=== WORK REQUEST ===
Among the entries below, copy only the span from the line containing "Polo Ralph Lauren" through the line containing "Vibrant illustration of". Do so exactly, and skip the pictures.
***** GIVEN RECORDS
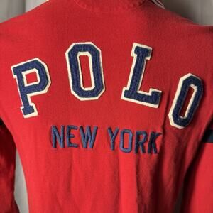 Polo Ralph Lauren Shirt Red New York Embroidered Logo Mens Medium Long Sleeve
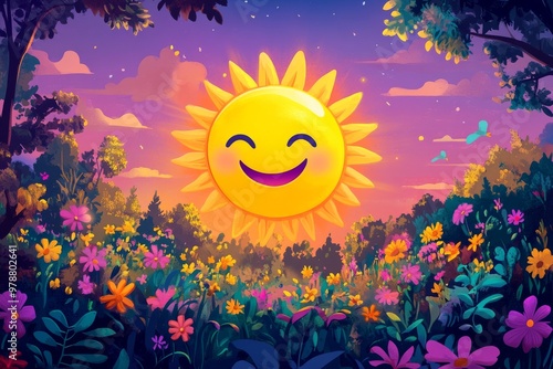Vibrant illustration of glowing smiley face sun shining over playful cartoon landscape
**********
***** GIVEN RECORDS
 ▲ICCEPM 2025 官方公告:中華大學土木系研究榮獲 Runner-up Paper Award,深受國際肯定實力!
**********
***** GIVEN RECORDS
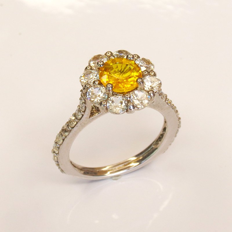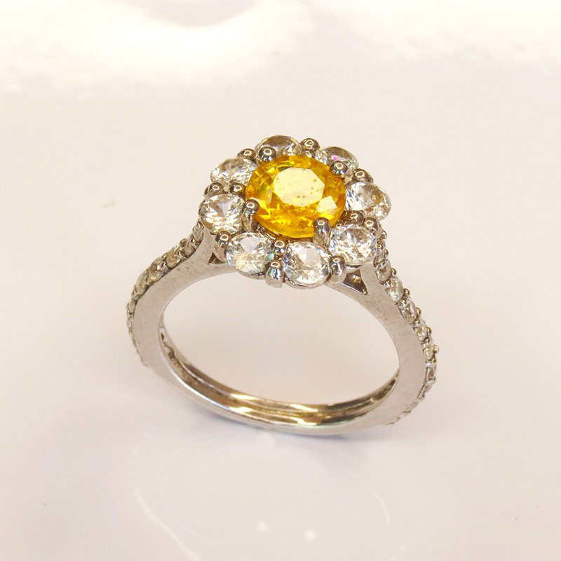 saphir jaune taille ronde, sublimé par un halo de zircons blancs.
**********
=== RESULT BELOW ===
 Polo Ralph Lauren Shirt Red New York Embroidered Logo Mens Medium Long Sleeve
Vibrant illustration of glowing smiley face sun shining over playful cartoon landscape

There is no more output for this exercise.